> [What is needed]: Repeat the data in full and exactly. Leave the pictures out.

Start of Data for processing

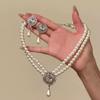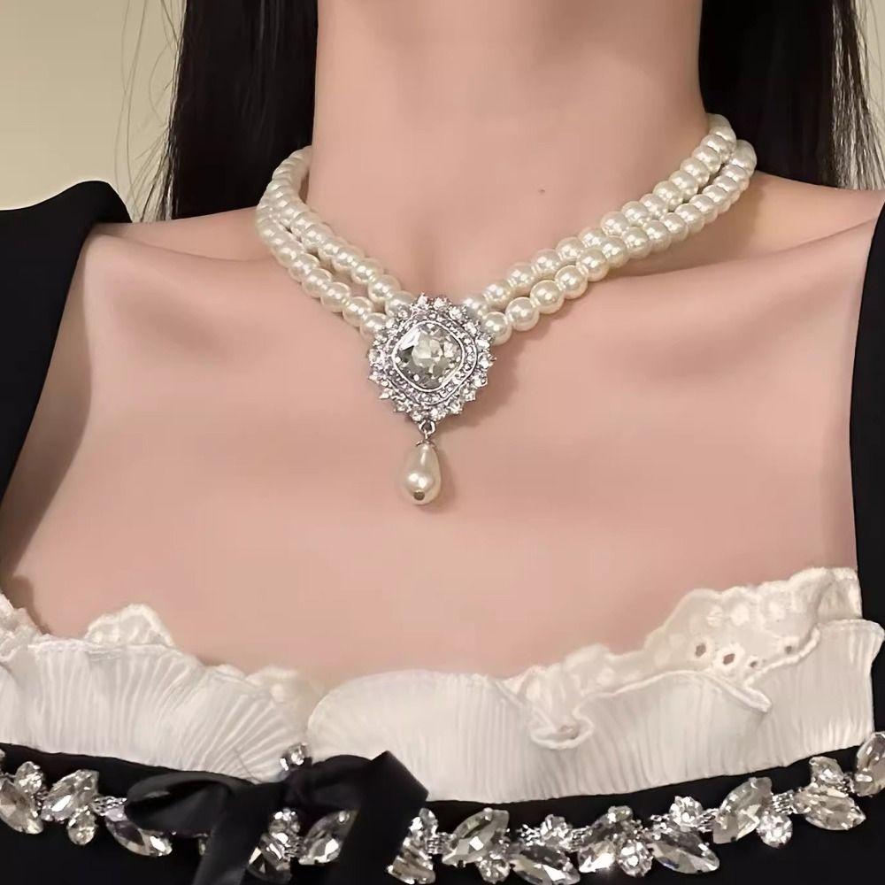 Baroque Style Bridal Jewelry Set Rhinestone Pearl Necklace Water Drop Necklace Earring Set Girls
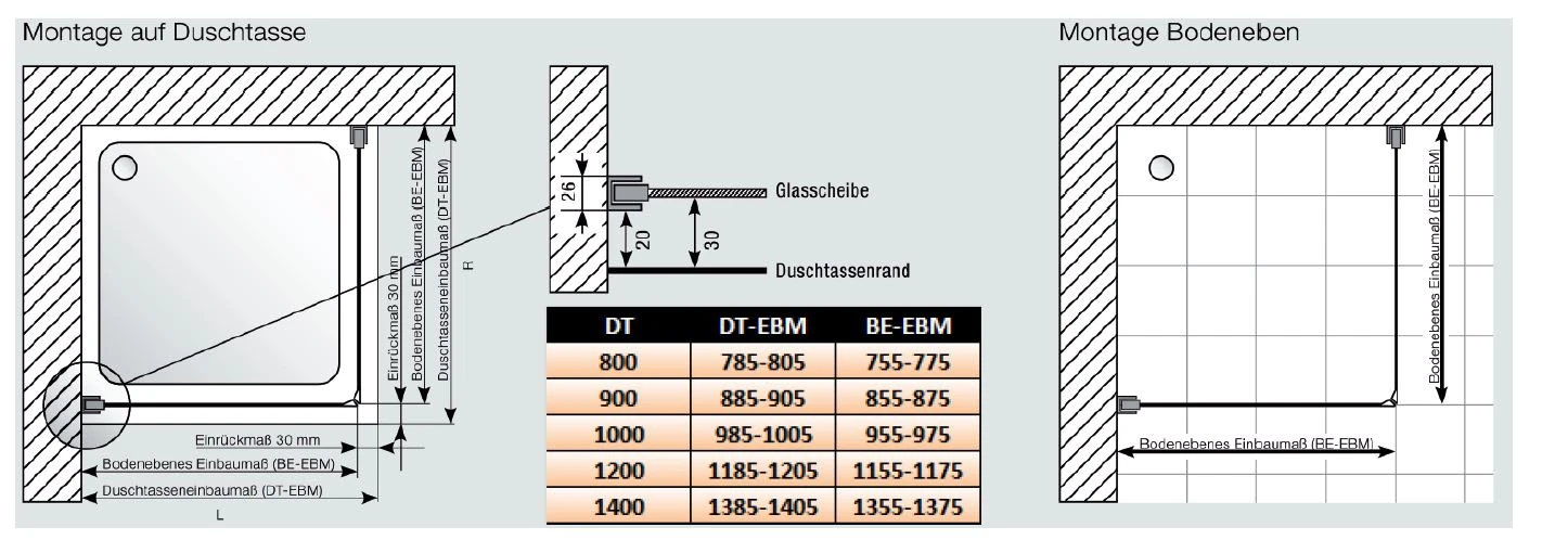 Das Duschwannen-Einbaumaß ist das Maß, das die Duschwanne nach ihrem Einbau haben muss, damit die Duschabtrennung passend, d.h. inklusive der empfohlenen Einrückmaße, montiert werden kann.
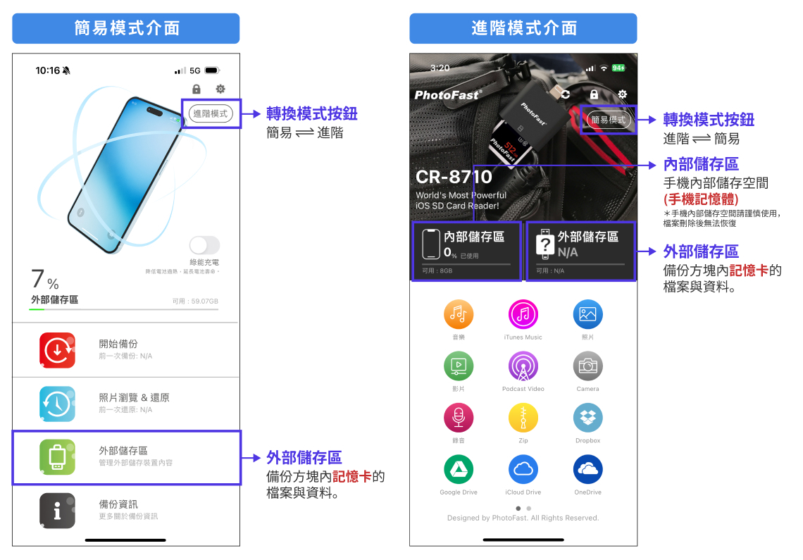 外部儲存區:指記憶充裡『記憶卡內部』的空間。可在進階模式或簡易模式開啟瀏覽,請見下圖說明。
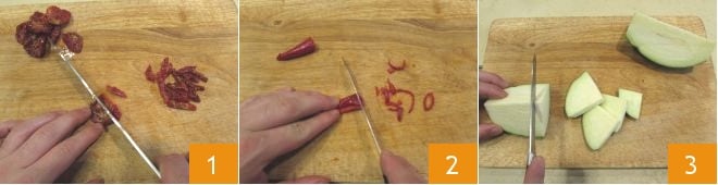 Para preparar a salada de macarrão com berinjelas e tomates secos, comece cortando os tomates secos em tiras finas 1. Retire as sementes da pimenta fresca e corte-a também em tiras muito finas 2. Corte a berinjela em 4 partes e depois cada parte em fatias de 3-4 mm 3.
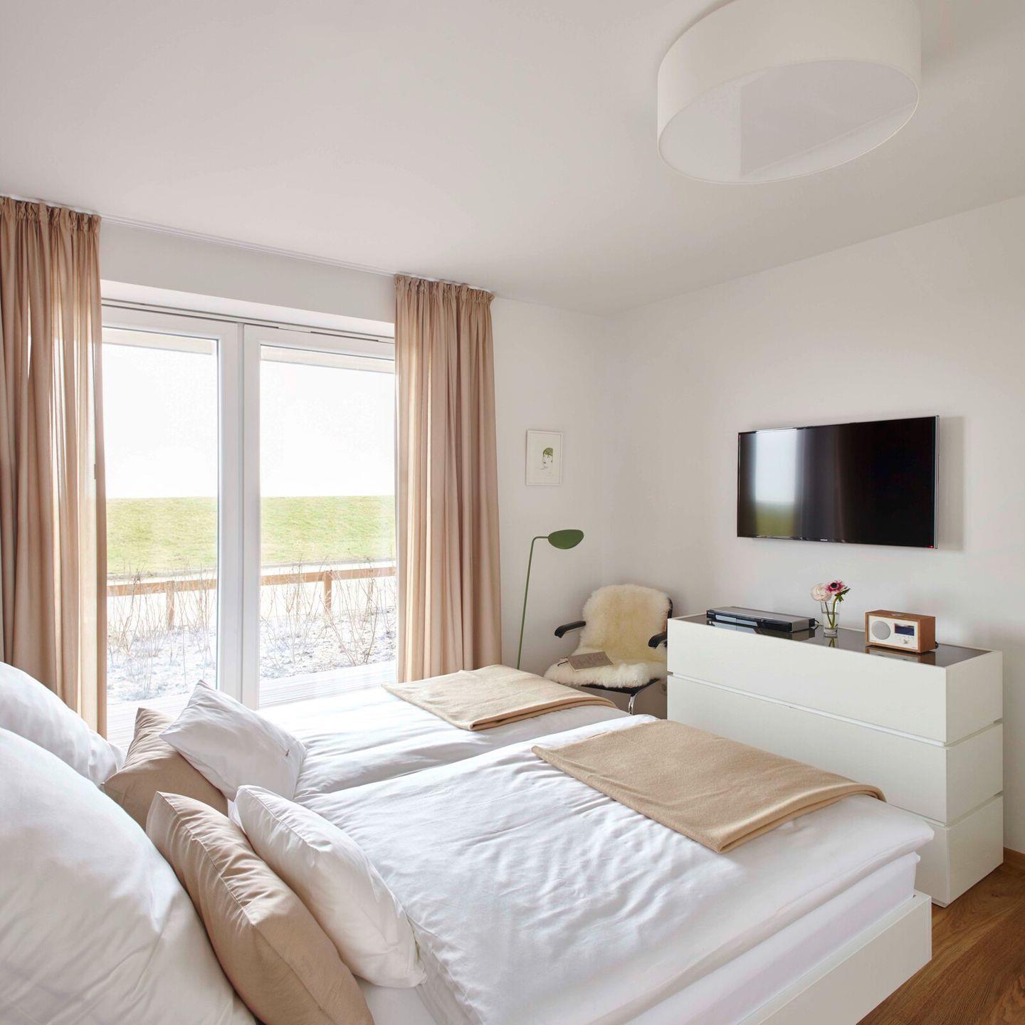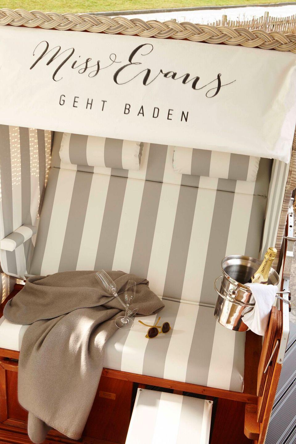 Das zweite Schlafzimmer verfügt über zwei Einzelbetten (können auch zusammengeschoben werden) und ebenso einen Fernseher. Im Tageslichtbad gehen Sie "nicht baden", sondern genießen die bodentiefe Dusche. Die traumhafte 32qm Süd-West-Terrasse mit eigenem Strandkorb, Tisch und 6 Stühlen lädt zum Sonnenbaden ein. Auch die Kleinen kommen in der Miss Evans groß raus: Reisebett, 2 Kinderhochstühle, Fläschchenwärmer, Kindernachtleuchte, Kinderhocker, Kinder-WC-Sitz und eine Wickelauflage sind vorhanden.
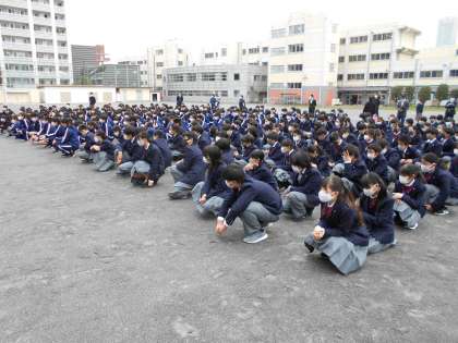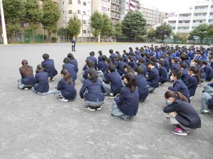 校庭での全校朝会
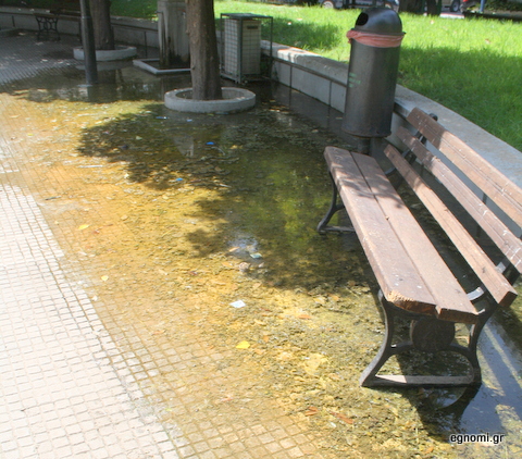 Έτσι το νερό μόνο χύνεται άσκοπα, αλλά λιμνάζει στο σημείο που βλέπετε στη φωτογραφία και καθιστά άχρηστα και τα παγκάκια, αφού όποιος επιθυμεί να καθίσει θα πρέπει να φοράει ...βατραχοπέδιλα, για να μην βραχεί.
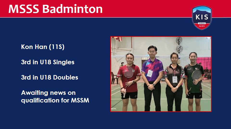 Our senior Sportswoman for 2022, Kon Han first won gold in both singles and doubles in the opening MSSD U18 Girls Badminton to qualify for MSSS which was held over the holidays. Like Jin Wei, Kon Han is at the lower range of the age group and so was up against some tough opposition. Despite this she managed to come 3rd in both singles and doubles which meant she only just missed selection to represent Sabah at the MSSM National Level. Despite the disappointment I am confident that I will be reporting on more of Kon Han’s competition successes throughout the year.
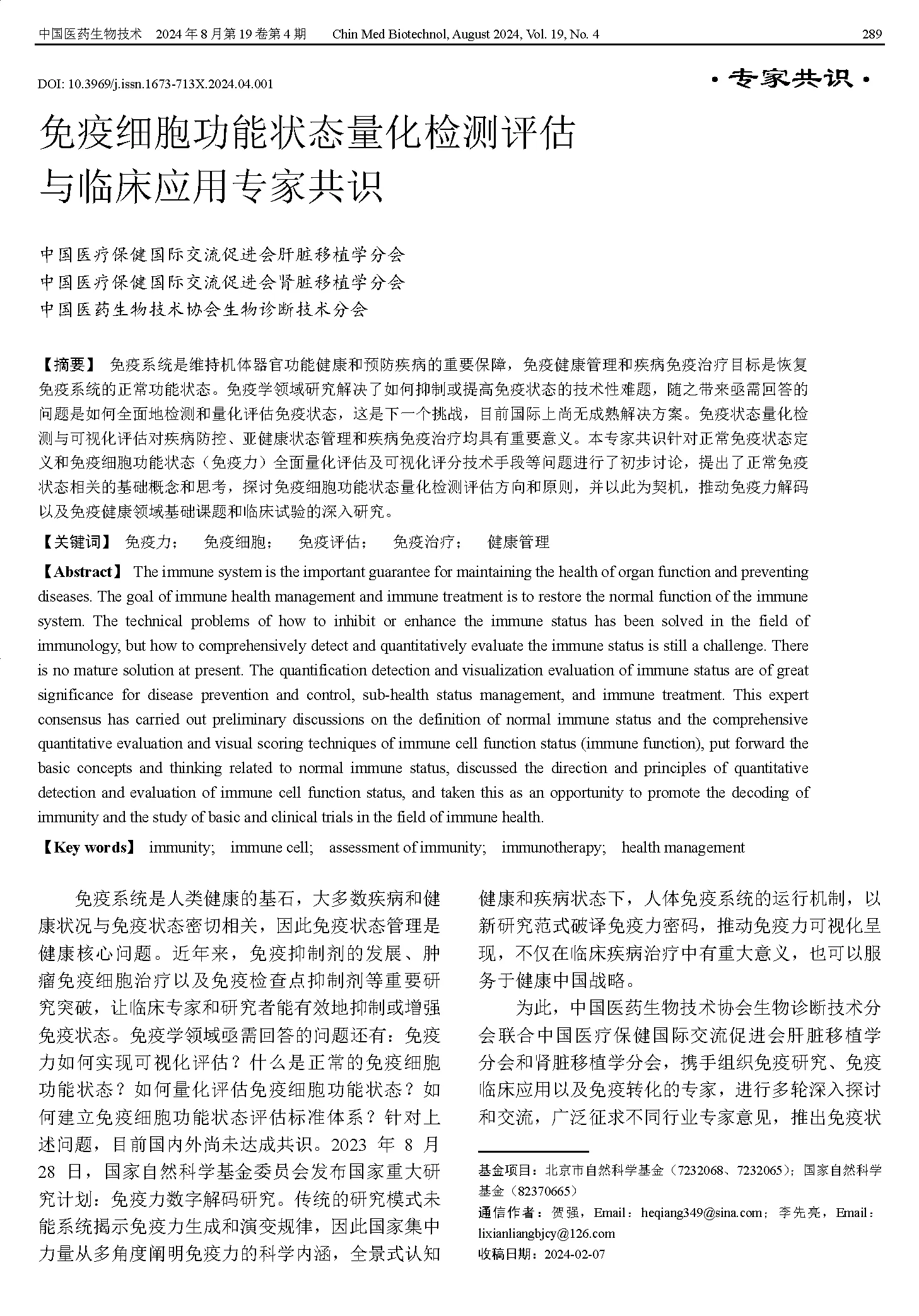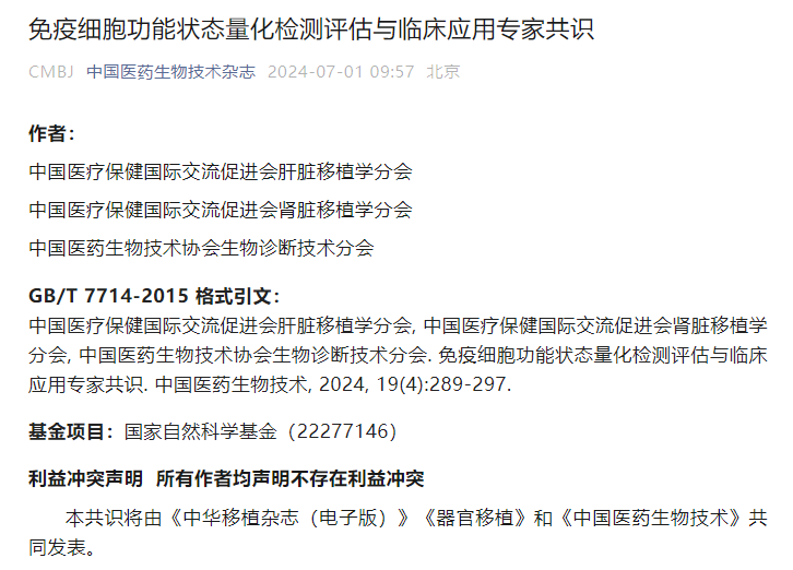 《中华移植杂志(电子版)》《器官移植》和《中国医药生物技术》共同发表《免疫细胞功能状态量化检测评估与临床应用专家共识》。

End of Data for processing

> [Result]:
 Baroque Style Bridal Jewelry Set Rhinestone Pearl Necklace Water Drop Necklace Earring Set Girls
 Das Duschwannen-Einbaumaß ist das Maß, das die Duschwanne nach ihrem Einbau haben muss, damit die Duschabtrennung passend, d.h. inklusive der empfohlenen Einrückmaße, montiert werden kann.
 外部儲存區:指記憶充裡『記憶卡內部』的空間。可在進階模式或簡易模式開啟瀏覽,請見下圖說明。
 Para preparar a salada de macarrão com berinjelas e tomates secos, comece cortando os tomates secos em tiras finas 1. Retire as sementes da pimenta fresca e corte-a também em tiras muito finas 2. Corte a berinjela em 4 partes e depois cada parte em fatias de 3-4 mm 3.
 Das zweite Schlafzimmer verfügt über zwei Einzelbetten (können auch zusammengeschoben werden) und ebenso einen Fernseher. Im Tageslichtbad gehen Sie "nicht baden", sondern genießen die bodentiefe Dusche. Die traumhafte 32qm Süd-West-Terrasse mit eigenem Strandkorb, Tisch und 6 Stühlen lädt zum Sonnenbaden ein. Auch die Kleinen kommen in der Miss Evans groß raus: Reisebett, 2 Kinderhochstühle, Fläschchenwärmer, Kindernachtleuchte, Kinderhocker, Kinder-WC-Sitz und eine Wickelauflage sind vorhanden.
 校庭での全校朝会
 Έτσι το νερό μόνο χύνεται άσκοπα, αλλά λιμνάζει στο σημείο που βλέπετε στη φωτογραφία και καθιστά άχρηστα και τα παγκάκια, αφού όποιος επιθυμεί να καθίσει θα πρέπει να φοράει ...βατραχοπέδιλα, για να μην βραχεί.
 Our senior Sportswoman for 2022, Kon Han first won gold in both singles and doubles in the opening MSSD U18 Girls Badminton to qualify for MSSS which was held over the holidays. Like Jin Wei, Kon Han is at the lower range of the age group and so was up against some tough opposition. Despite this she managed to come 3rd in both singles and doubles which meant she only just missed selection to represent Sabah at the MSSM National Level. Despite the disappointment I am confident that I will be reporting on more of Kon Han’s competition successes throughout the year.
 《中华移植杂志(电子版)》《器官移植》和《中国医药生物技术》共同发表《免疫细胞功能状态量化检测评估与临床应用专家共识》。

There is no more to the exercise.